Supported model IDs and per-model effort/reasoning rules live in `agent/dashboard/options.py`. Profile flags also drive run behavior — e.g. `profile_create_prs` enables the opt-in Always Create PRs policy. Model construction goes through `agent/utils/model.py` (`make_model`, `provider_model_kwargs`, `fallback_model_id_for`).
### Auth
- **GitHub**: dual-mode. User OAuth tokens are encrypted at rest in the dashboard OAuth store and cached only in process during a run (`utils/auth.py:resolve_github_token`, `utils/github_token.py`). When no user token is available, falls back to a GitHub App installation token (`utils/github_app.py`). The installation token is also what configures the LangSmith sandbox's GitHub proxy.
- **Webhooks**: GitHub signatures verified in `utils/github_comments.py:verify_github_signature`; Slack/Linear handled in their respective utils.
- **Dashboard / UI**: GitHub OAuth login lives in `agent/dashboard/oauth.py` and `routes.py` (`/auth/login`, `/auth/callback`, `/auth/logout`, `/me`).
### Thread-id derivation
Webhooks compute deterministic thread ids so the same Linear issue / Slack thread / PR routes back to the same running agent. See `utils/github_comments.py:get_thread_id_from_branch` and the equivalents in `utils/linear.py` / `utils/slack.py`. Reviewer threads have their own deterministic ids and are tagged with `REVIEWER_THREAD_KIND` metadata so the FastAPI side can find them.
## Conventions
- Tests are unit-only by default (`tests/`). Integration tests would go under `tests/integration_tests/` (currently empty — `make integration_tests` no-ops if missing).

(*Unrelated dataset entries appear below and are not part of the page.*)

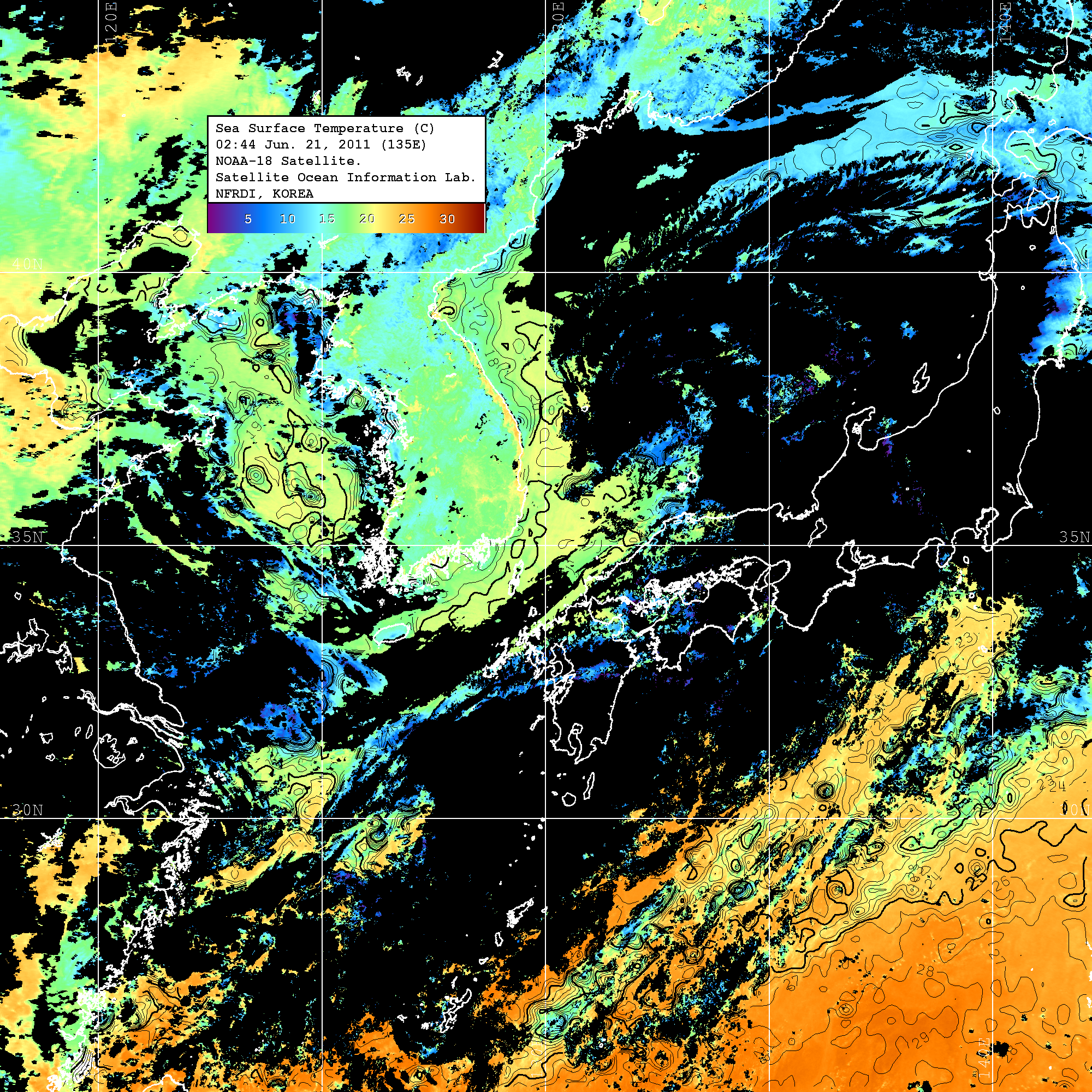 o 2011년 06월 21일 02시 44분 NOAA-18호 위성영상입니다. o 수온분포는 범례를 참고하시기 바랍니다. o 검은색은 구름을 나타냅니다. o 그림을 클릭하시면 크게 보실 수 있습니다.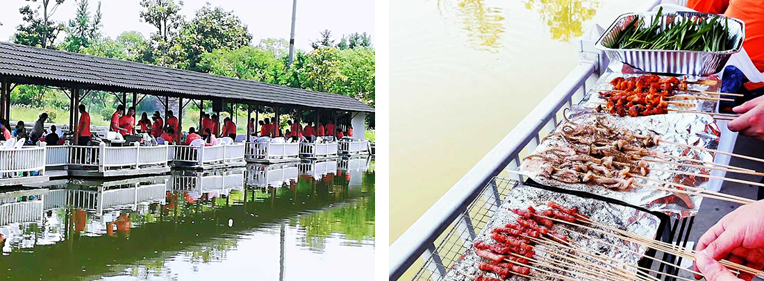 動(dòng)力圈結(jié)束后就到了中午的燒烤時(shí)間,我們從草坪出發(fā)沿著營(yíng)地湖邊走到了湖上的水上長(zhǎng)廊,坐在涼風(fēng)習(xí)習(xí)的水中亭廊上,各式各樣的燒烤食材齊齊擺上,公司里一個(gè)個(gè)隱藏的燒烤老師傅開(kāi)始大顯身手,金黃的雞翅,油滋滋的五花肉,香噴噴的魷魚(yú)等一一出爐。同事們悠閑的坐在椅子上,吹著微風(fēng),吃著美味的食物,喝著爽口的飲料和酒,還有同事自制了工具用著烤好的食物去勾著湖里的小蝦。
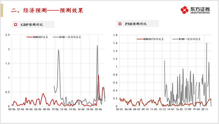 一是对主要经济指标进行预测,包括单月GDP预测、季度GDP预测、消费、投资、通胀、生产等主要数据的临近预测。在预测表现上,部分重要经济指标的预测较为稳定,如GDP和PMI的绝对误差好于WIND一致预测的误差。当前的经济预测显示,预计三月份房地产投资、固定资产投资等重要的需求端数据将出现好转。总体而言,经济企稳的转换时点可能在3月份前后,具体经济数据的公布时间预计在4月中上旬。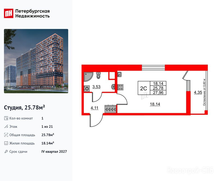 Продается студия в новостройке ЖК «Город звёзд» по адресу Ленинградская область, Всеволожский район, Поселок им. Свердлова, Новосаратовка дер., ул. Рабочая (корп.7). Общая площадь квартиры - 25.78 кв. м. Тип проекта, по которому построен дом — Монолитно-кирпичный, компания-застройщик — Setl Group (Сэтл Групп). Стоимость квартиры — 4 400 130 руб. Способы оплаты можно уточнить у продавца. Срок сдачи — 4 квартал 2027. Более подробная информация по телефону.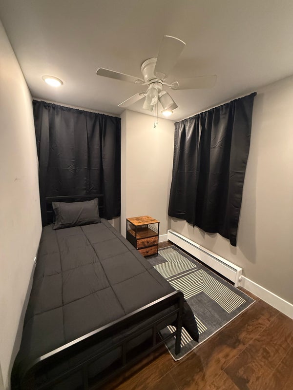 About the Space: The room is furnished and movein ready — Twin XL bed, full bedding, nightstand, blackout curtains, closet storage, ceiling fan, and overhead lighting. Perfect for one person; single occupancy only.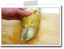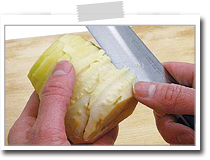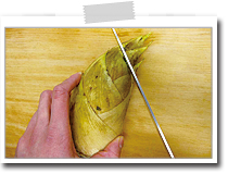 たけのこの身を傷つけないように、たてに1ヶ所包丁を入れる。 |

- New sandbox providers: add a module under `agent/integrations/` and wire it into `SANDBOX_FACTORIES` in `agent/utils/sandbox.py`. See `CUSTOMIZATION.md`.
- New tools: add to `agent/tools/`, export from `agent/tools/__init__.py`, add to the `tools=[...]` list in `server.py:get_agent` (or `reviewer.py` for reviewer-only tools).
- New middleware: add to `agent/middleware/`, export from `agent/middleware/__init__.py`, add to the `middleware=[...]` list in `server.py:get_agent` — order is significant (see the stack above).
- New dashboard endpoints: add to `agent/dashboard/routes.py`. The router is auto-mounted on the FastAPI app.
- New graphs: register the entrypoint in `langgraph.json` under `graphs`.
- Minimal-to-no code comments — only when the *why* isn't obvious from the code.